I have always been captivated by stories of people who inspire the present because of their stories of the past. One inspirational story comes from Maya Angelou. This book gives readers a back drop of the past which all took place in Arkansas and it’s “powhitetrash” down to the free spirited city of San Francisco in the 60’s. It brings readers to a time when division is visible between the white and black America. A time when a white dentist could not even treat a black girl (Maya) just because of her skin color. A time when white Americans held the countries power and black Americans as their maids and drivers, the best job they can ever get. A time when black Americans struggled to learn and be educated and most of all treated equal. A very different time.

The best thing about the book is Maya’s spirit imprinted on its pages. She is one courageous lady! No wonder she has become one of the most influential and inspirational black American’s with the likes of Martin Luther King.

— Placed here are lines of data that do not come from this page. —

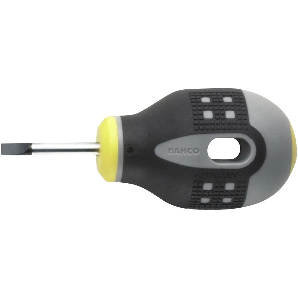 Ergo skruetrækker til ligekærvskruer. Stubby/tumling (kort type) til arbejde på trange steder. Forkromet og helhærdet klinge for høj beskyttelse mod rustdannelse og lang levetid. Fosfateret spids for større nøjagtighed. 3-komponent håndtag i blødt materiale med nubret overflade giver et godt greb og højere vridmoment. Integreret ophængshul. Nem identifikation af spids takket være det farvekodede håndtag med symbol. Standarder: ISO 2380 og DIN 5264. Fås i flere størrelser.
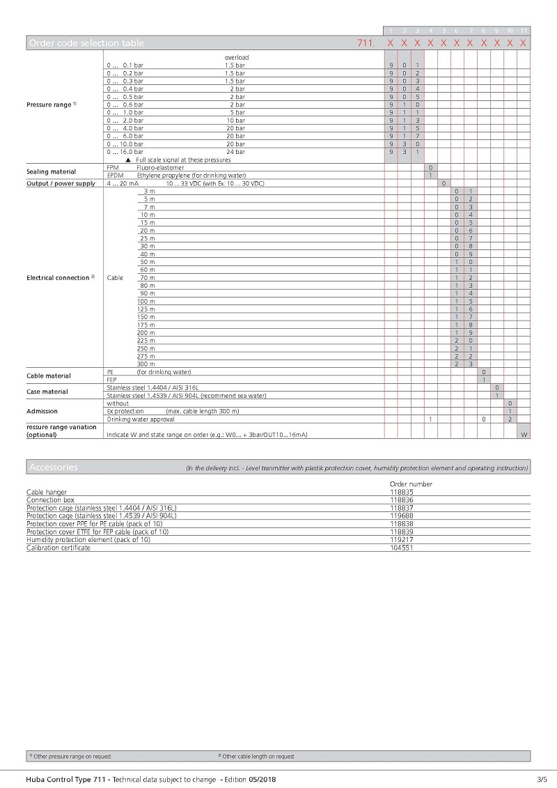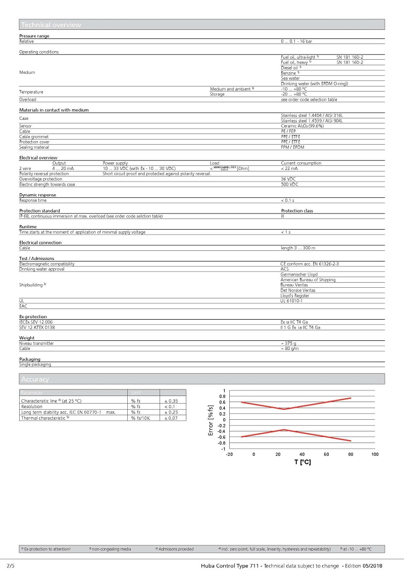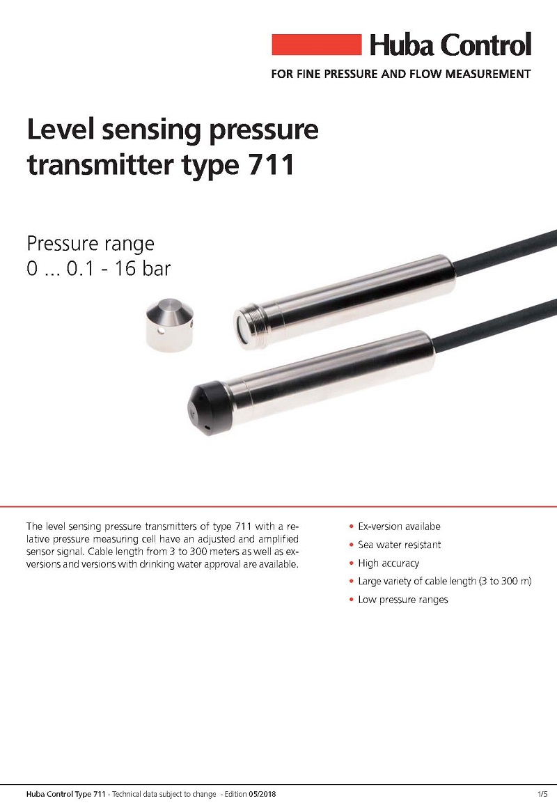 简述: 用于液位测量的711型压力变送器具有相对压力测量单元,具有可调整和放大的传感器信号。 电缆长度从3米到300米不等,具有防爆版本和饮用水批准的版本可用。
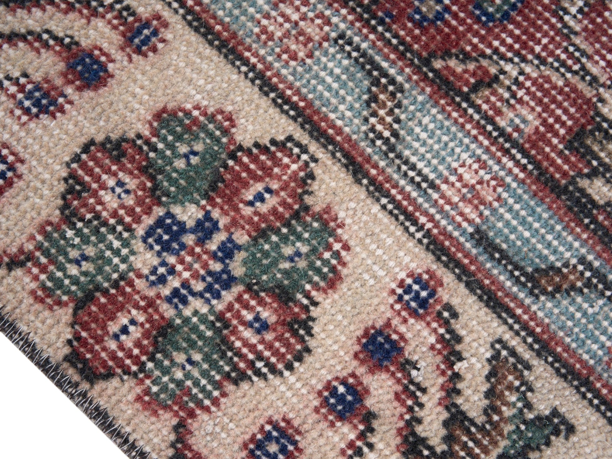 This rug is a hand-knotted rug, and edges are hand sewn.
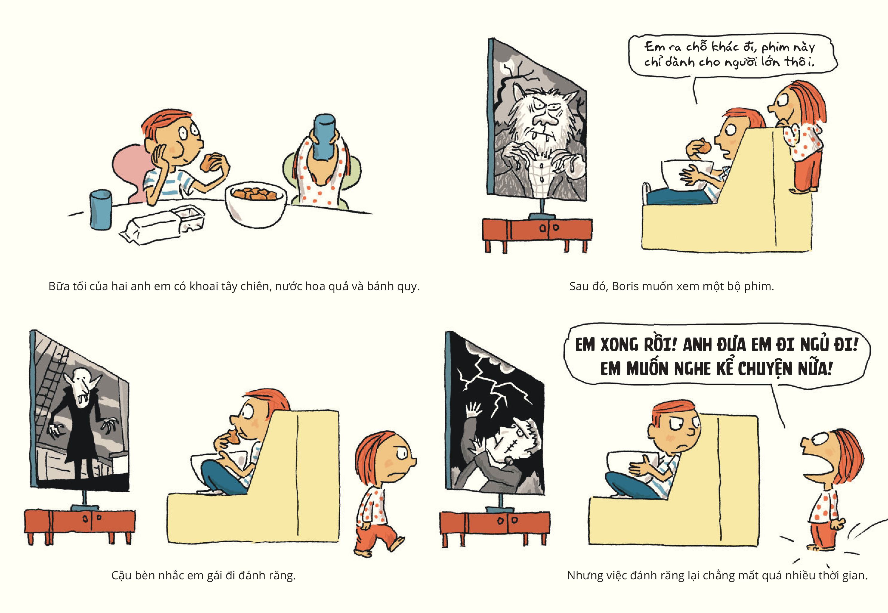 Nhưng kì lạ là Celeste chẳng tỏ ra sợ hãi chút nào, mặc cho Boris đã kể những câu chuyện hồi hộp nhất! Liệu Boris có thể tìm được câu chuyện nào đủ rùng rợn với cô em gái bé nhỏ của cậu hay không?
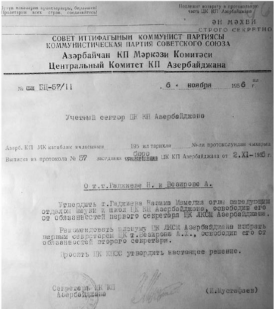 Затем последовало соответствующее решение бюро ЦК КП Азербайджана:
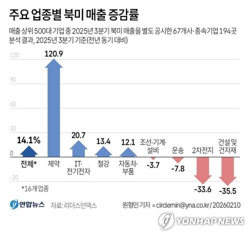 (서울=연합뉴스) 원형민 기자 = 10일 기업분석연구소 리더스인덱스가 매출 상위 500대 기업 가운데 작년 3분기 북미 매출을 별도 공시한 67개사와 종속기업 194곳을 분석한 결과, 북미 매출은 2024년 3분기 대비 14.1% 늘어난 343조7천985억원으로 집계됐다.
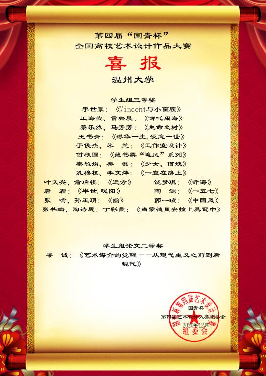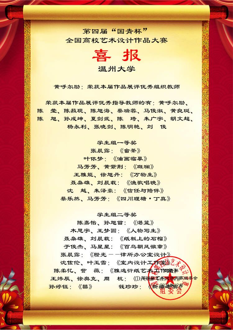 近日,米乐集团师生在第四届“国青杯”全国高校艺术与设计作品展评大赛中共计33项作品获奖,其中马芳芳等7名同学获得“学生组一等奖”、钱珍珍等10名同学获得“学生组二等奖”、李世号等15名同学获得“学生组三等奖”,、梁诚同学获得“学生组论文二等奖”。此外,陈莹等17名老师还获得组委会颁发的“优秀指导教师奖”,成绩喜人。
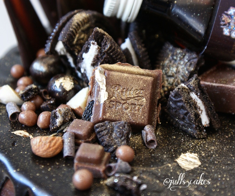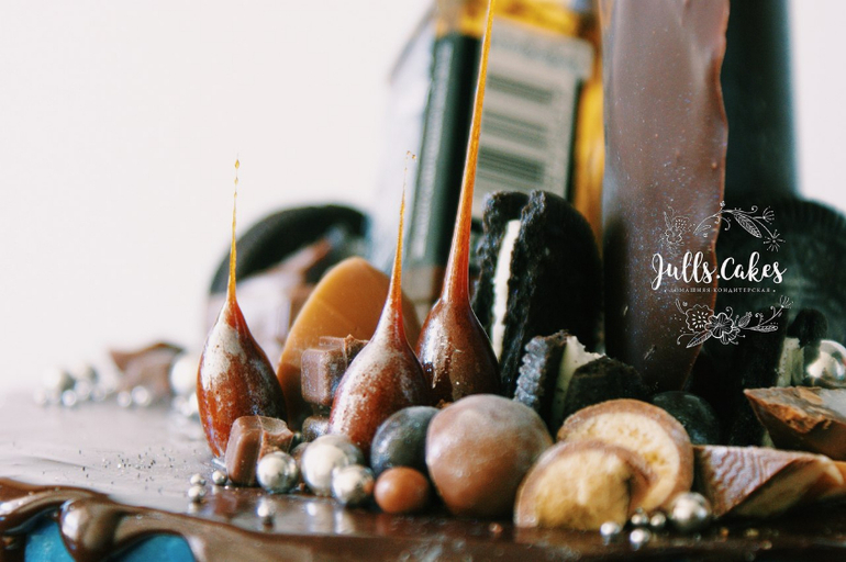 Мега-шоколадный торт: шоколадные ромовые коржи, крем на бельгийском шоколаде и сливках, алко-вишня, сливочная карамель, сверху выровнен шоколадным ганашем. В декоре шоколад, печенье и прочие вкусности и бутылочка виски настоящая👌
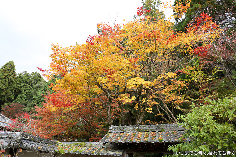 この前に来た時は参道を登るのがきつくて、本堂に着いた時には疲労困憊だった湖東三山金剛輪寺です。今日はその参道を軽快に登ることができました。先が見えていると気分が違うのかもしれません。紅葉は庭園が美しく色づいていましたが、三重塔のまわりの紅葉はこれからという感じでした。こういう場所は心落ち着きますね。
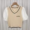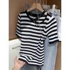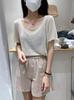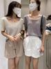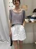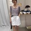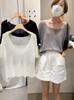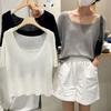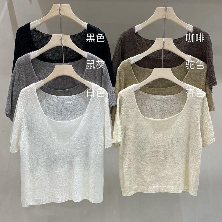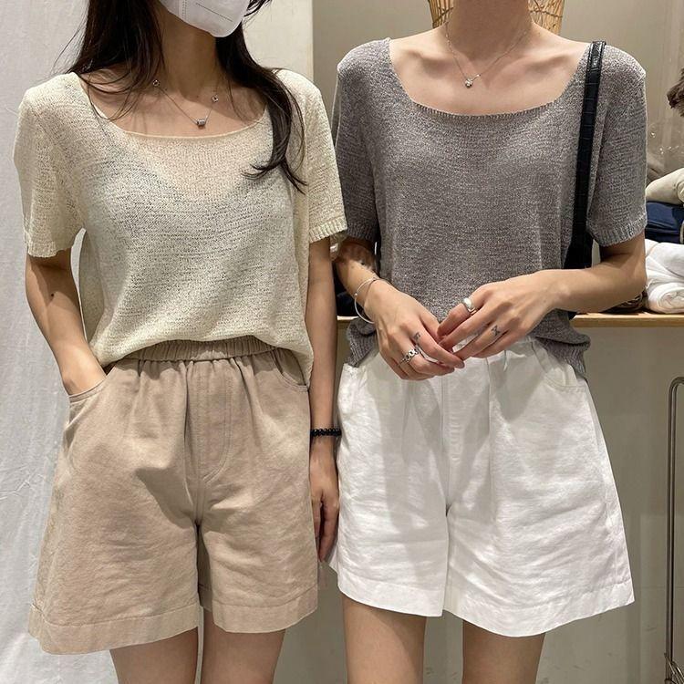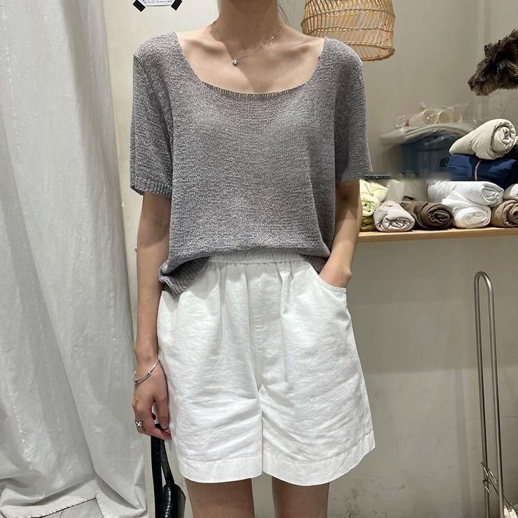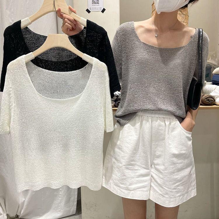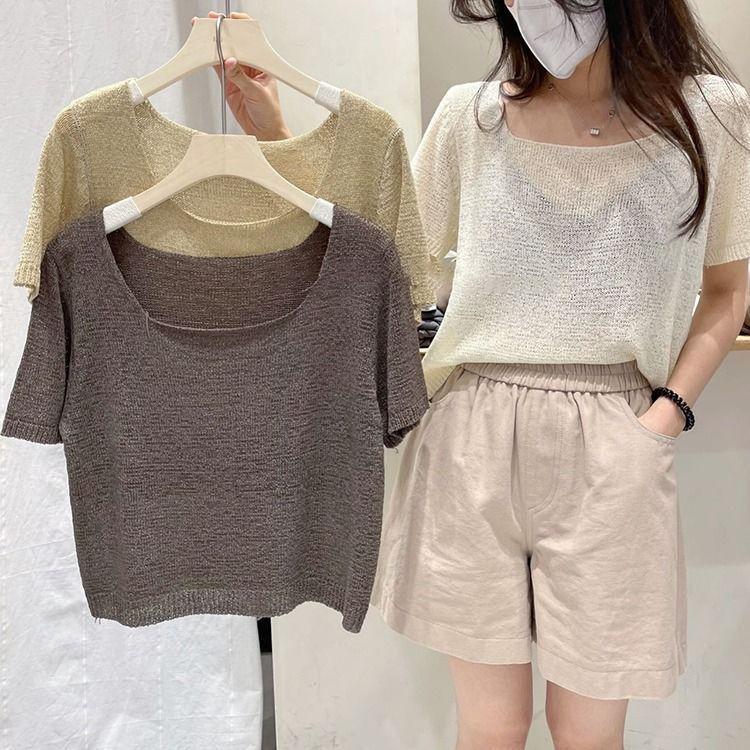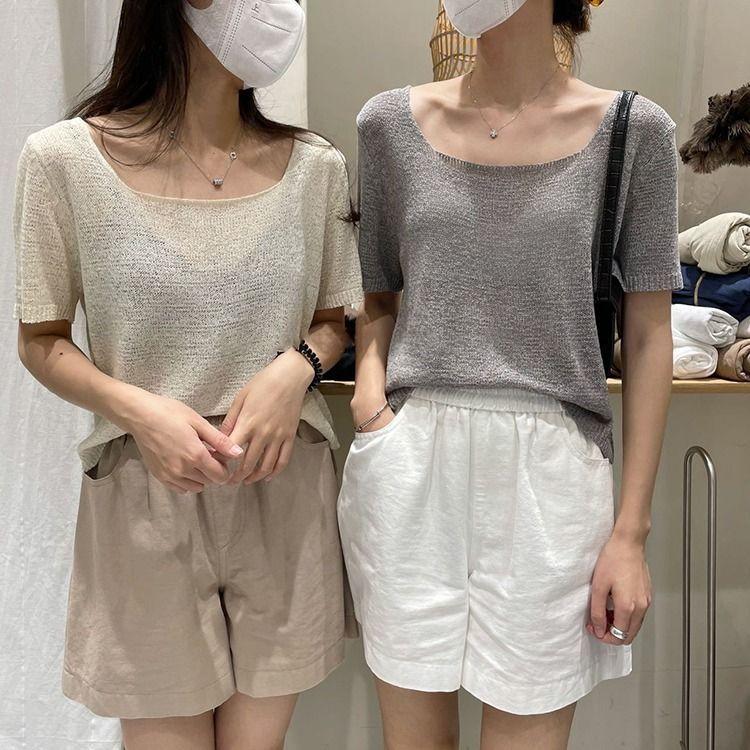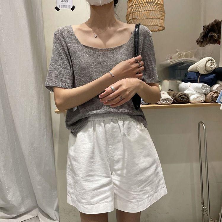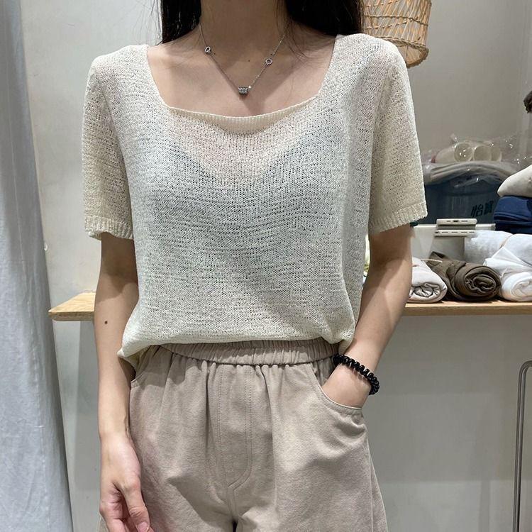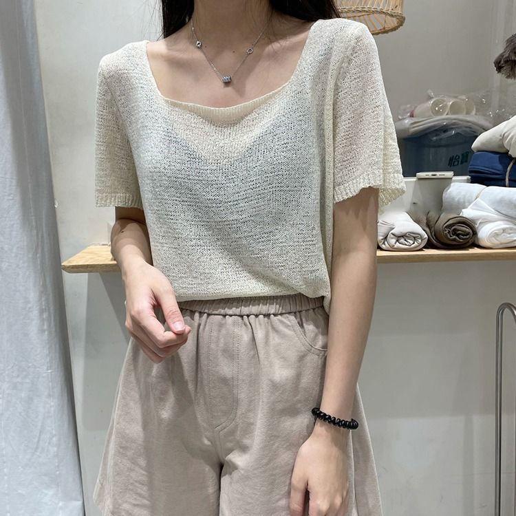 Top de Punto Elegante de Verano de Manga Corta Cuello Cuadrado Fino Diseño Holgado para Mujer Nicho Clavícula Expuesta Chic Camiseta Básica
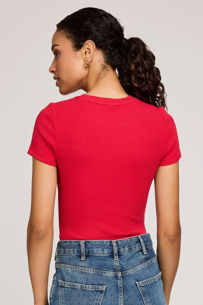 The Tate t-shirt is made of a mid-weight cotton viscose ribbed fabric. The classic crew neck tee is an essential layering piece that you’ll want in every color. By Gentle Fawn.
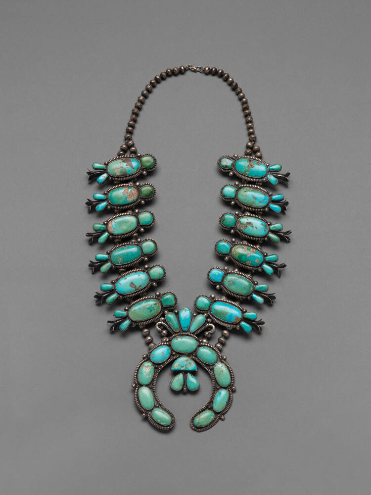 DescriptionLarge-size silver and turquoise necklace with six "squash blossoms" on either side of the central crescent (naja) pendant.ProvenancePurchased from Bruce Hartman, Prairie Village, KS by The Nelson-Atkins Museum of Art, Kansas City, MO, 2019.
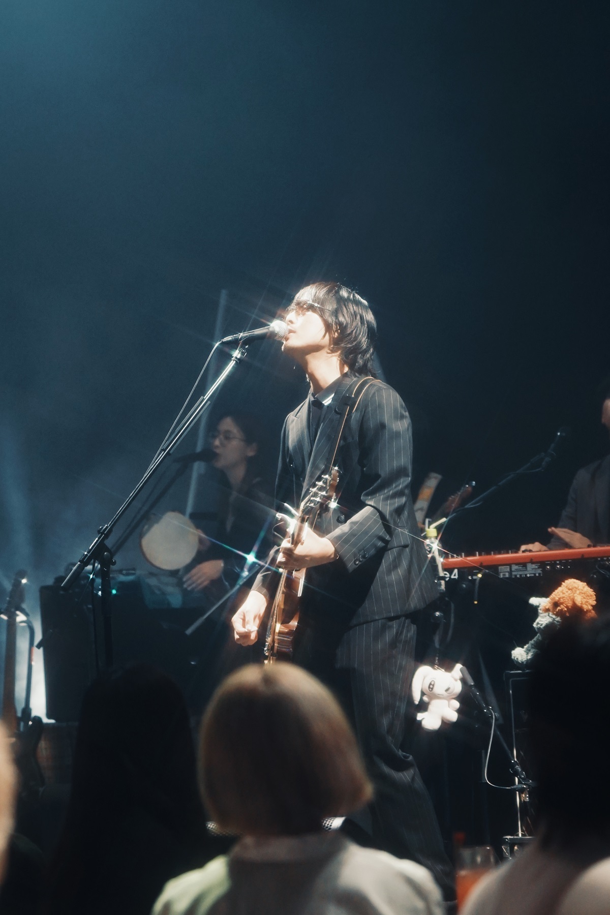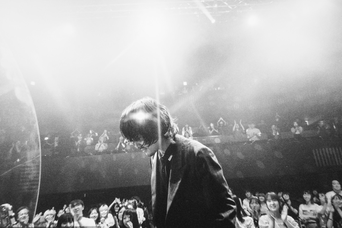 その一言に感慨を込めながら、バンドはゆったりとしたテンポのフォークロックナンバー「Wedding Song」と『最後の初恋』収録の8ビートのポップロックナンバー「ほんの気持ちですが!」を曲の振り幅を見せつけるように披露していく。後者では演奏がフェイドアウトしてから、またフェイドインするというメンバーの息がぴったりと合っていないとできない演出も楽しませる。

With that I end this book review with my favorite quote from the book. With Maya’s frustration of society’s ignorance with race:

“It was awful to be Negro and have no control over my life. It was brutal to be young and already trained to sit quietly and listen to charges brought against my color with no chance of defense. We should all be dead. I thought I should like to see us all dead, one on top of the other. A pyramid of flesh with the whitefolks on the bottom, as the broad base, then the Indians with their silly tomahawks and teepees and wigwams and treaties, the Negroes with their mops and recipes and cotton sacks and spirituals sticking out of their mouths. The Dutch children should stumble in their wooden shoes and break their necks. The French should choke to death on the Louisiana Purchase (1803) while silkworms ate all the Chinese with their stupid pigtails. As a species, we were an abomination. All of us.”

A three and half out of five rating.





Maya Angelou



So why do caged bird sing?
Because it longs for it's freedom, as simple as that.


M.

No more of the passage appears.